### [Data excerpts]
---
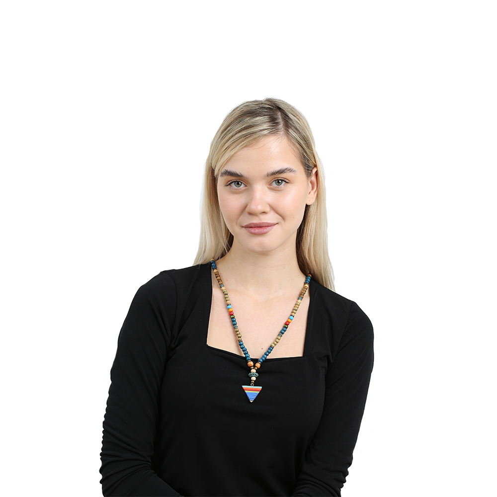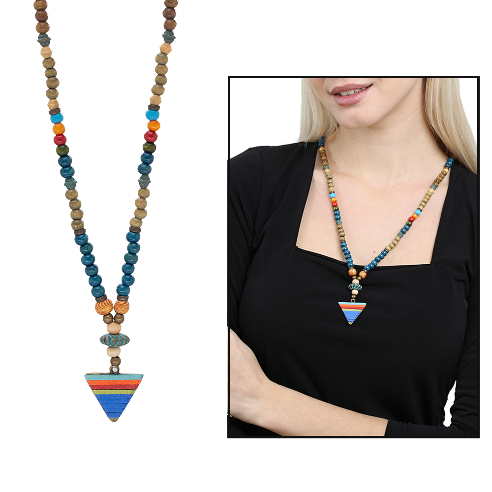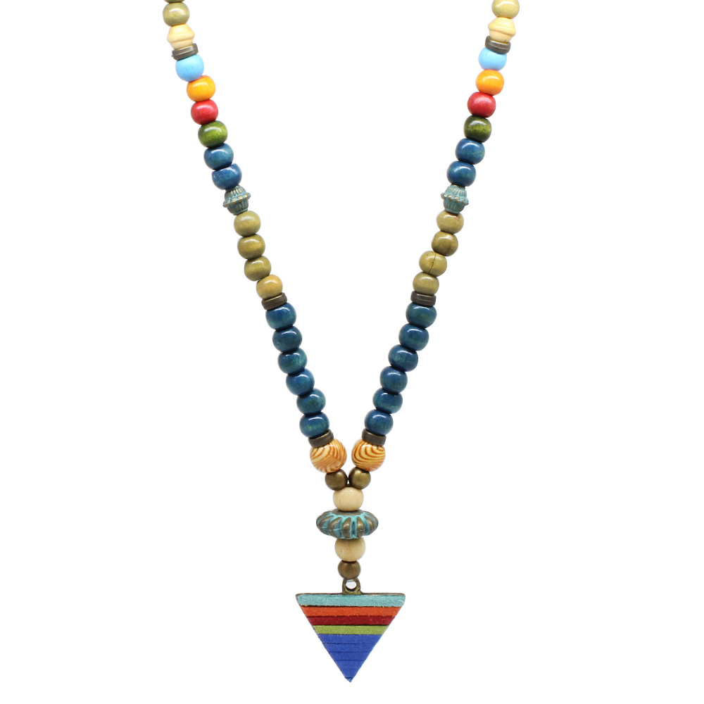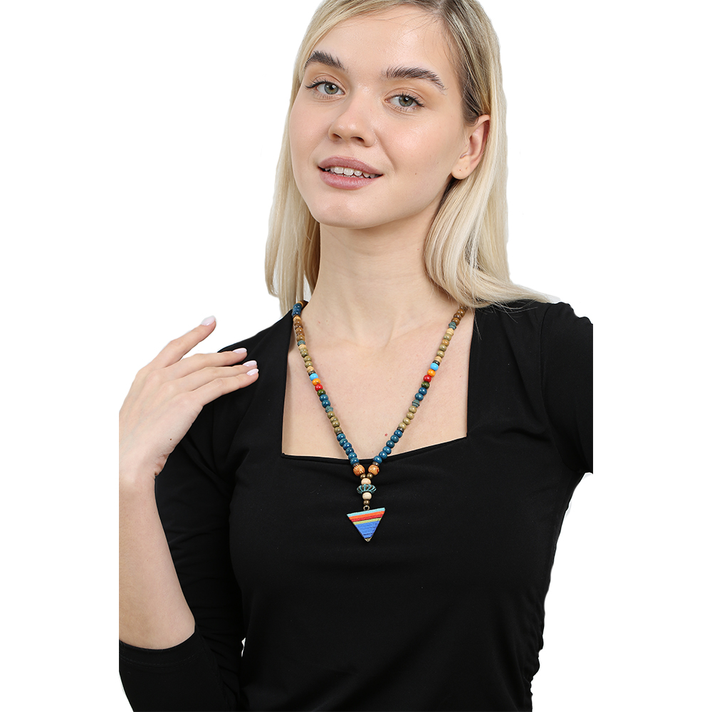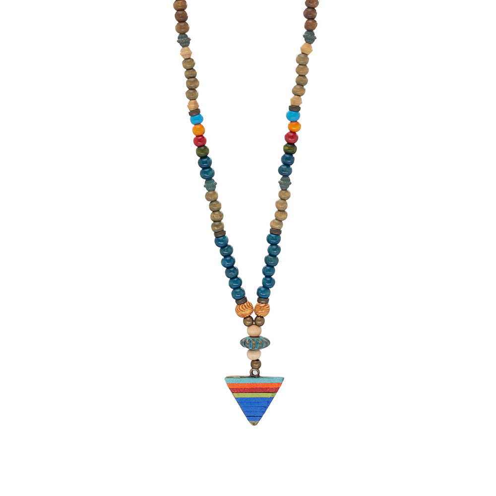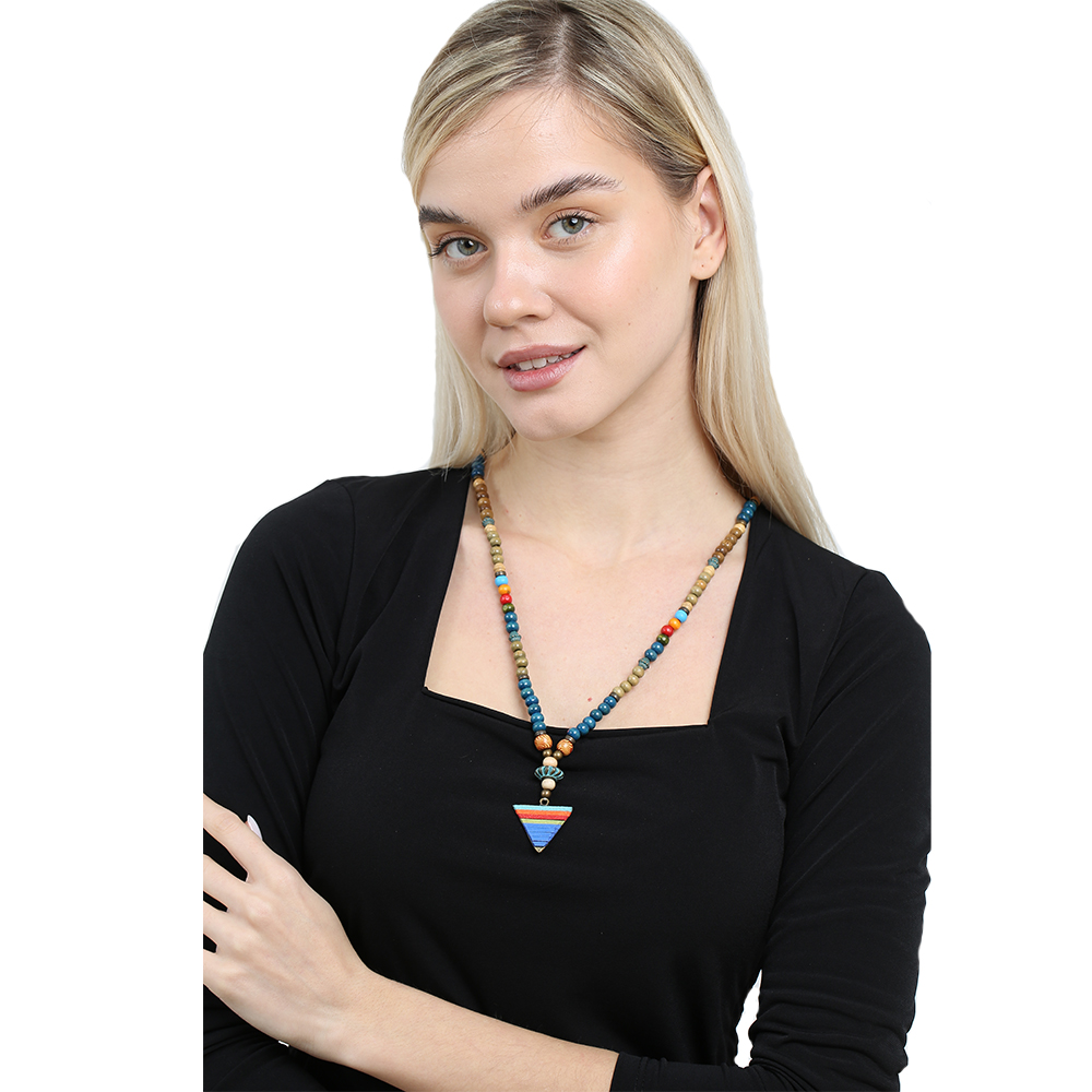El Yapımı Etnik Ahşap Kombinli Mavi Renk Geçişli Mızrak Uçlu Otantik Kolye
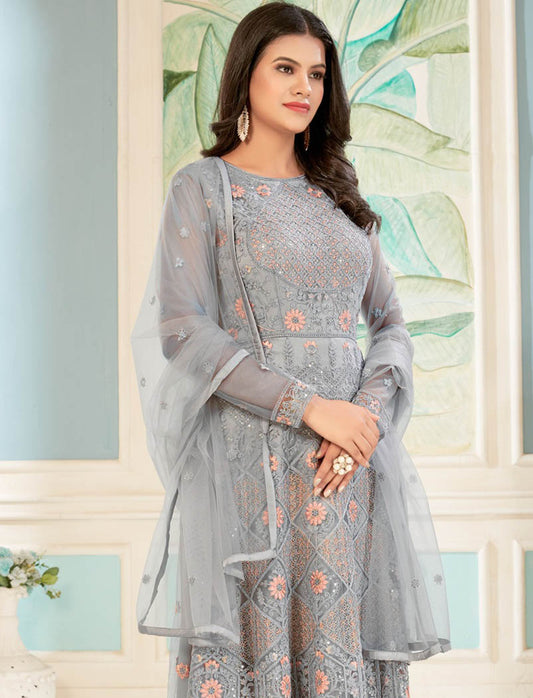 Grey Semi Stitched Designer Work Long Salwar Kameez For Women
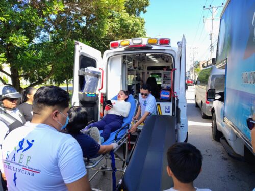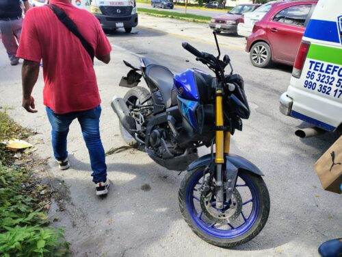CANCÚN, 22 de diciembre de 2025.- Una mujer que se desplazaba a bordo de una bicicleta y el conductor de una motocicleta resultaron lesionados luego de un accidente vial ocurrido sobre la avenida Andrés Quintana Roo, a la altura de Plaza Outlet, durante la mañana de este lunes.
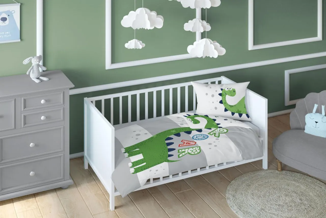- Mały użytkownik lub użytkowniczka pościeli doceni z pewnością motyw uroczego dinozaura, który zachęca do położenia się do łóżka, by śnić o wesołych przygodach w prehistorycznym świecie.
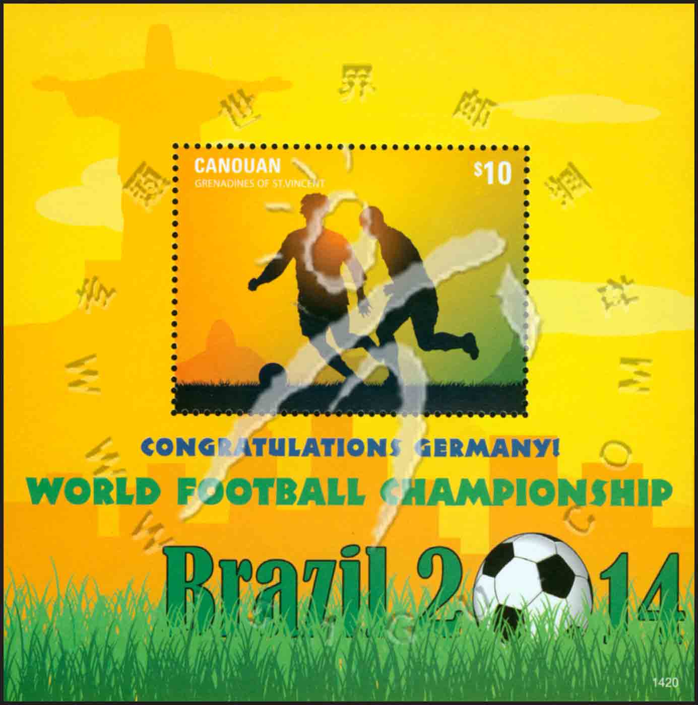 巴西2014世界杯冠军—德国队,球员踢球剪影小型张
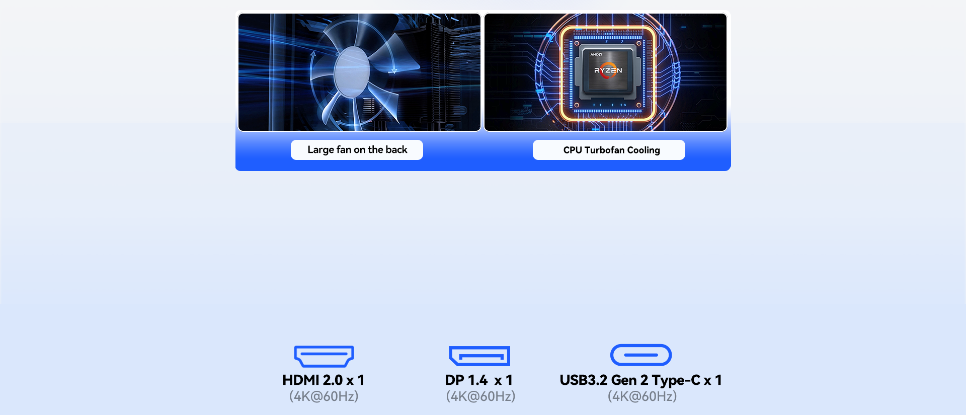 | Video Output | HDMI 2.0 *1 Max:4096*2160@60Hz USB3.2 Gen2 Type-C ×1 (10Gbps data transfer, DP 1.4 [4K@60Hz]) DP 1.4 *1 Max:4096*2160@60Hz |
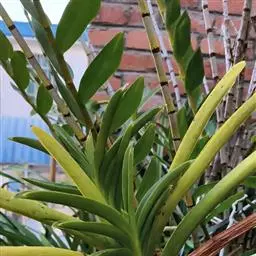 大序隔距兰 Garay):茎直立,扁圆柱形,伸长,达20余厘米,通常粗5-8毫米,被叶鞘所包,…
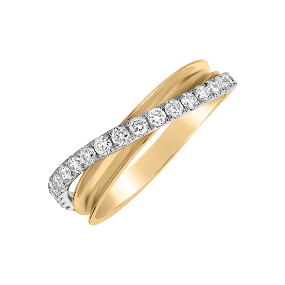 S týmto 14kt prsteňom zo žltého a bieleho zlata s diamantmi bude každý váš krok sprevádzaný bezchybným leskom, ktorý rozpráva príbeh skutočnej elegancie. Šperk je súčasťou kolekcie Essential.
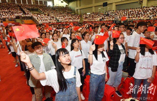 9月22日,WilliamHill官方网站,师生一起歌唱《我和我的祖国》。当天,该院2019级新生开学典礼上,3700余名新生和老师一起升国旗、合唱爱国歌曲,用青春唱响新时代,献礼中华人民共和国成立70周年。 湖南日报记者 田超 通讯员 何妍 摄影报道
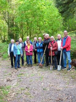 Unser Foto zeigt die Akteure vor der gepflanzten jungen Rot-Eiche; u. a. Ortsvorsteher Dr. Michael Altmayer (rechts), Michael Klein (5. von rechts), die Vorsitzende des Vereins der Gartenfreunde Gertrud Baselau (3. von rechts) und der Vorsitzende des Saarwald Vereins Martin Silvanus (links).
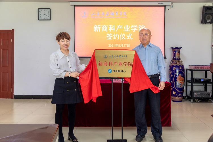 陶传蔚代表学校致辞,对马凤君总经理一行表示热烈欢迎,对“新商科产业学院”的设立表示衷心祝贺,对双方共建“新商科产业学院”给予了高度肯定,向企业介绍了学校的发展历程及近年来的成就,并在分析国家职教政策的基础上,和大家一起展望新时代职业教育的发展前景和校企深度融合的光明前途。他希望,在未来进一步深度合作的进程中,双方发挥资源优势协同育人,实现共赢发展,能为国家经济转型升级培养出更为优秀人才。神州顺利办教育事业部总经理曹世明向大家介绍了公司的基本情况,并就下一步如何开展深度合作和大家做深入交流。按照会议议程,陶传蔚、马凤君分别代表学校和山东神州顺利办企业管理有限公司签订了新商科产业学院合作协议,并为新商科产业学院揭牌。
---
Please provide a faithful transcription of all the data, pictures excluded.

### [Solution]
El Yapımı Etnik Ahşap Kombinli Mavi Renk Geçişli Mızrak Uçlu Otantik Kolye
 Grey Semi Stitched Designer Work Long Salwar Kameez For Women
CANCÚN, 22 de diciembre de 2025.- Una mujer que se desplazaba a bordo de una bicicleta y el conductor de una motocicleta resultaron lesionados luego de un accidente vial ocurrido sobre la avenida Andrés Quintana Roo, a la altura de Plaza Outlet, durante la mañana de este lunes.
- Mały użytkownik lub użytkowniczka pościeli doceni z pewnością motyw uroczego dinozaura, który zachęca do położenia się do łóżka, by śnić o wesołych przygodach w prehistorycznym świecie.
 巴西2014世界杯冠军—德国队,球员踢球剪影小型张
 | Video Output | HDMI 2.0 *1 Max:4096*2160@60Hz USB3.2 Gen2 Type-C ×1 (10Gbps data transfer, DP 1.4 [4K@60Hz]) DP 1.4 *1 Max:4096*2160@60Hz |
 大序隔距兰 Garay):茎直立,扁圆柱形,伸长,达20余厘米,通常粗5-8毫米,被叶鞘所包,…
 S týmto 14kt prsteňom zo žltého a bieleho zlata s diamantmi bude každý váš krok sprevádzaný bezchybným leskom, ktorý rozpráva príbeh skutočnej elegancie. Šperk je súčasťou kolekcie Essential.
 9月22日,WilliamHill官方网站,师生一起歌唱《我和我的祖国》。当天,该院2019级新生开学典礼上,3700余名新生和老师一起升国旗、合唱爱国歌曲,用青春唱响新时代,献礼中华人民共和国成立70周年。 湖南日报记者 田超 通讯员 何妍 摄影报道
 Unser Foto zeigt die Akteure vor der gepflanzten jungen Rot-Eiche; u. a. Ortsvorsteher Dr. Michael Altmayer (rechts), Michael Klein (5. von rechts), die Vorsitzende des Vereins der Gartenfreunde Gertrud Baselau (3. von rechts) und der Vorsitzende des Saarwald Vereins Martin Silvanus (links).
 陶传蔚代表学校致辞,对马凤君总经理一行表示热烈欢迎,对“新商科产业学院”的设立表示衷心祝贺,对双方共建“新商科产业学院”给予了高度肯定,向企业介绍了学校的发展历程及近年来的成就,并在分析国家职教政策的基础上,和大家一起展望新时代职业教育的发展前景和校企深度融合的光明前途。他希望,在未来进一步深度合作的进程中,双方发挥资源优势协同育人,实现共赢发展,能为国家经济转型升级培养出更为优秀人才。神州顺利办教育事业部总经理曹世明向大家介绍了公司的基本情况,并就下一步如何开展深度合作和大家做深入交流。按照会议议程,陶传蔚、马凤君分别代表学校和山东神州顺利办企业管理有限公司签订了新商科产业学院合作协议,并为新商科产业学院揭牌。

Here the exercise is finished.